We need to have an Itty-Bitty Titty Committee mtg somewhere in the range of 5 minutes to ASAP.
All time low... just gave a strip tease to the theme song from Law&Order SVU.
Flying into Chicago for a few days, getting re-deployed in September, we should probably fuck
Kristina got the same text from you just now, she's sitting next to me, how many people did you send this to?
Living right is spending a lot of time in someone's ass
Restaurants Roasting People Who Gave Them Negative Yelp Reviews (25 Pics)
at home by myself drinkin the left over champagne from my party... who says my birthday has to end?
woke up with 15 BAGS of hot dog buns in my passenger seat... jameson strikes again
He's been dead since March and more people write on his wall than mine.
Just made everyone at my party download the vuvuzela app for iPhone, the neighbors absolutely HATE us
He just sent me a picture of me icing a cake with a butcher knife topless.

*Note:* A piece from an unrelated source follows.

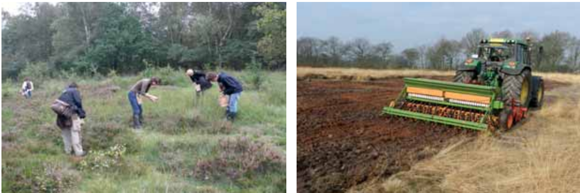
Abb. 14: die Sammlung per Hand ist zeit- und personalaufwändig; zur Aussaat von größeren Mengen bietet sich eine -Kombination von Kreiselegge mit Saatmaschine an

Die Vorteile liegen in der gezielten Beerntung ausgewählter Pflanzenart zum optimalen Zeitpunkt der Samenreife. Die Ernte per Hand bietet sich zudem vor allem bei kleinen Beständen an, wo ein maschineller Einsatz nicht lohnt oder dieser aufgrund der Geländebeschaffenheit nicht möglich ist. Zudem ist das Saatgut tatsächlich handverlesen, d.h. es werden selektiv wirklich nur reife sowie artenreine Samenstände geerntet.

Woman Posts Harassing DMs From Creep Online, Now He’s Upset Because People Told His Mom
Do you know anything about the Easter basket sitting on my doorstep filled with porn and peeps?
He cheated on me in real life. I can cheat at words with friends.
This girl came outta nowhere yelling HOLD MY DICKKKKKK!
CALL 911 HAND IS STUCK IN THE GARBAGE DISPOSAL. HELP
Do we still have any pizza left from last night?
Well the good news is ill probably have my new boobs by the time he sees me naked
I've never been so tempted to check my phone during sex in my life.